Asked about the guidance, Kathryn Edwards, a professor in pediatrics at Vanderbilt University Medical Center, told The Epoch Times in an email that she disagrees with the state guidance and believes “all children between 5-11 years old should be vaccinated.”

“The risk of disease is greater than the risk of myocarditis,” she said, referring to a form of heart inflammation that has been reported in higher-than-expected rates in youth, especially young men.

That’s not a universal view.

A healthcare worker prepares to administer a Pfizer COVID-19 vaccine in Miami, Fla., in a file image. (Joe Raedle/Getty Images)

“It’s important for parents to understand that the risk of hospitalization, particularly in a healthy child or adolescent, is very low. And also, the risk of myocarditis following administration of the messenger RNA vaccines is also very low, and effectively, probably pretty similar. So the benefit roughly equals the risk of harm,” Dr. Cody Meissner, one of the Food and Drug Administration advisers who voted in 2021 to recommend authorization of Pfizer’s shot for the 5 to 11 age group, told The Epoch Times after reviewing some of the more recent papers.
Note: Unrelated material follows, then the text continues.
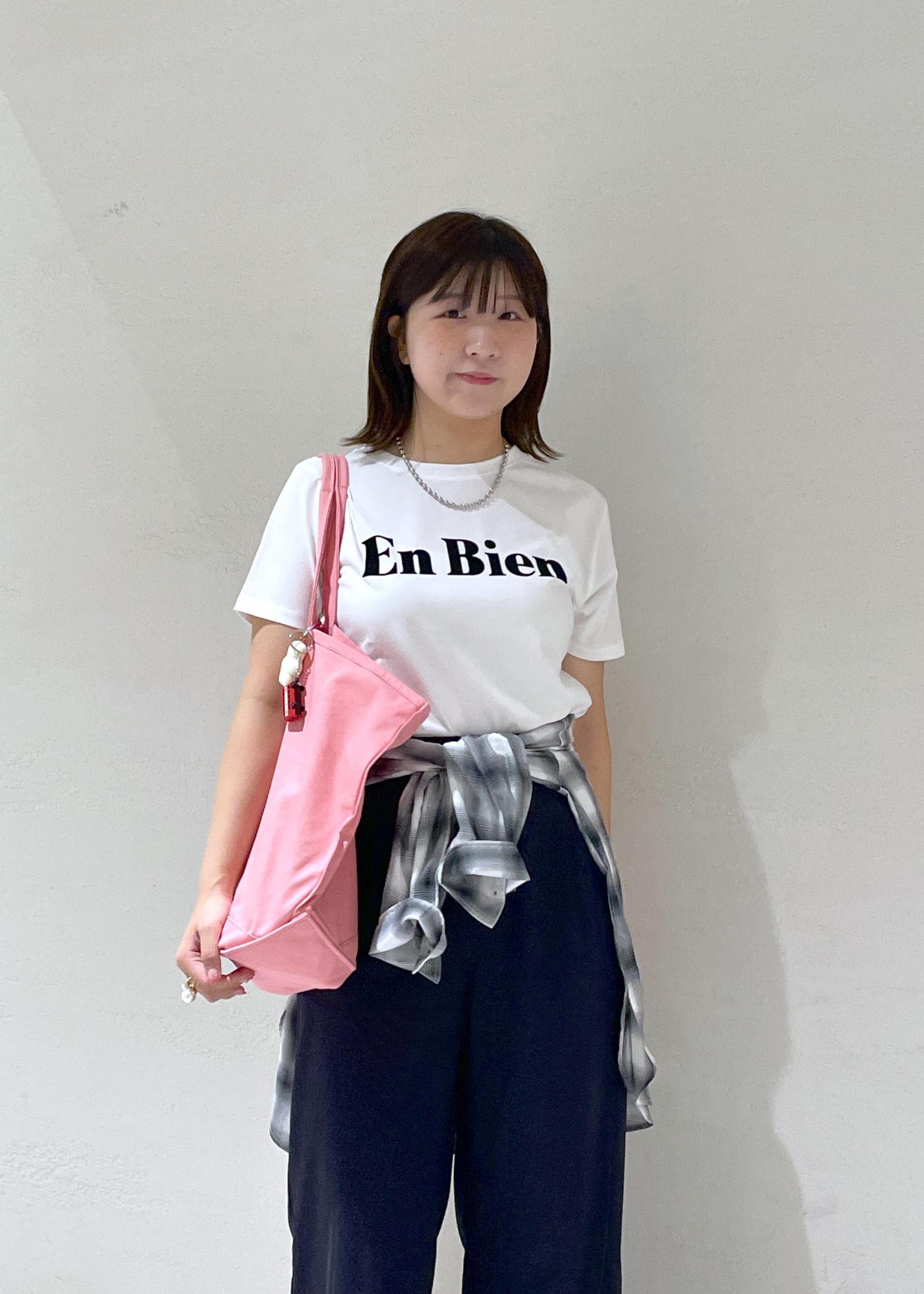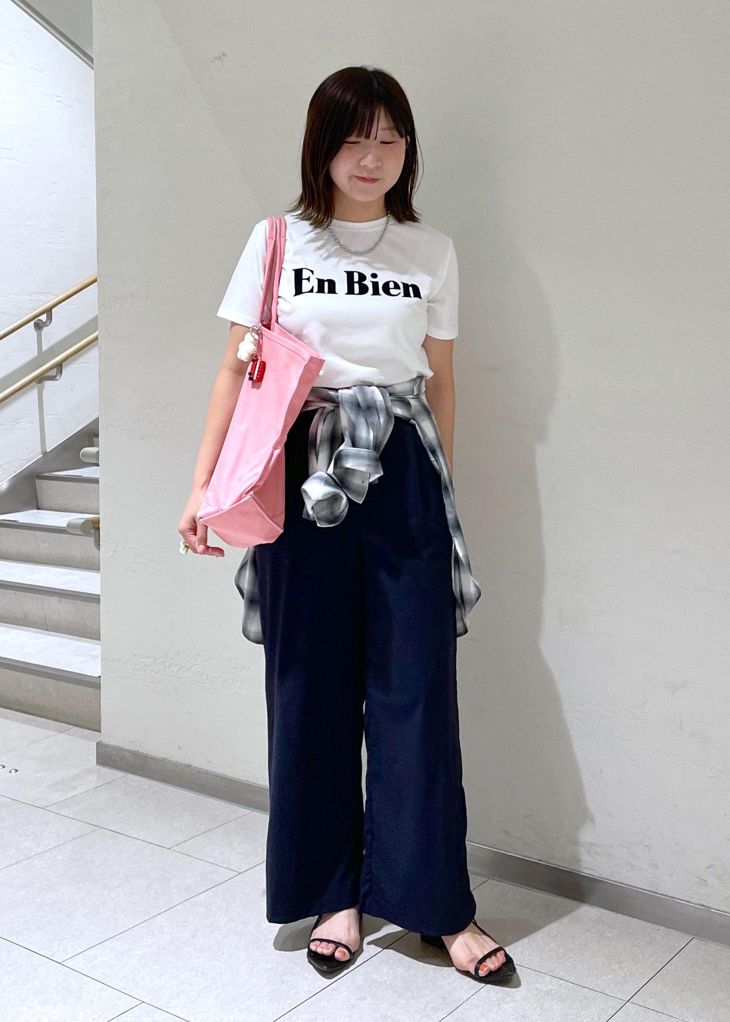 フロッキープリントが秋を先取りしていて夏服にも変化を出せるのでオススメです。 -
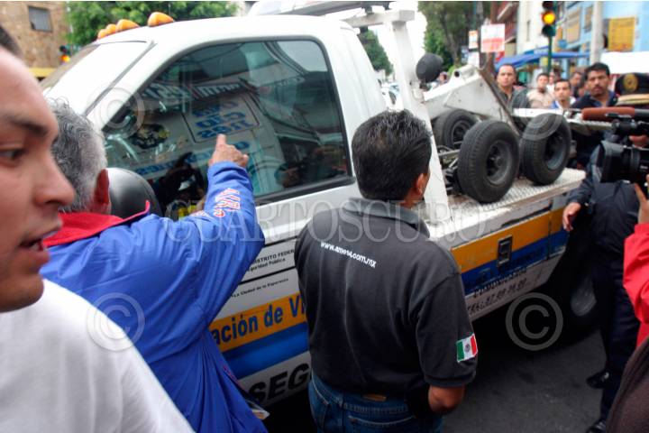 MÉXICO, D.F., 06OCTUBRE2006.- En la colonia Anáhuac, tripulantes de la grúa 07 de la Secretaría de Seguridad Pública intentaron llevarse un coche al que le causaron daños. Al intentaron escapar la gente los detuvo hasta que llegó un jefe para que se responzabilizaran por los hechos. FOTO: PEDRO MARRUFO/CUARTOSCURO.COM

Pfizer’s vaccine, the only one available to those under 18 in the United States, is built on messenger RNA technology.

Under DeSantis, Florida’s approach to the pandemic, besides a short period of harsh restrictions mirroring much of the rest of the country, has been one that focuses on protecting the vulnerable while keeping government rules to a minimum.

Florida, for instance, banned vaccine passports in 2021. Many jurisdictions that kept vaccine passports and mask mandates have rolled them back in recent weeks.

“I think what you’ll see increasingly, over the next year, is you will see more and more people come out and say, probably if you have a healthy 5- or 6-year-old kid, you probably don’t need to be doing [the vaccine],” DeSantis said.

Meissner and other members of the Vaccines and Related Biological Products Advisory Committee, except for one, were supportive of authorizing the jab for 5- to 11-year-olds but before they voted to advise the Food and Drug Administration, multiple members expressed concern about vaccine mandates, noting the lack of data supporting vaccinating kids without comorbidities.

“Actually, if you look at [that], most of those people that were contributing to that were saying, ‘I’m torn on this, because I feel if we approve it for 5- to 11-year-olds, it may be mandated in schools. And we think that’s a bad idea. We think for high-risk kids, we want to make it available,’” De Santis said.

“So I think just in the next six to 12 months, you’ll see more people move in his direction, and I think that’s just the reality. And so, because you have this thing where people are saying you’re not a good parent unless you do the COVID [shot] for very young kids, that’s just not true. It really is your choice.

“Just understand what the data shows,” he said. “I don’t think you can say that the data has shown certainly a huge benefit. At best, you’re looking at maybe marginal risks that may outweigh that. That’s just the reality. And people can make those decisions.”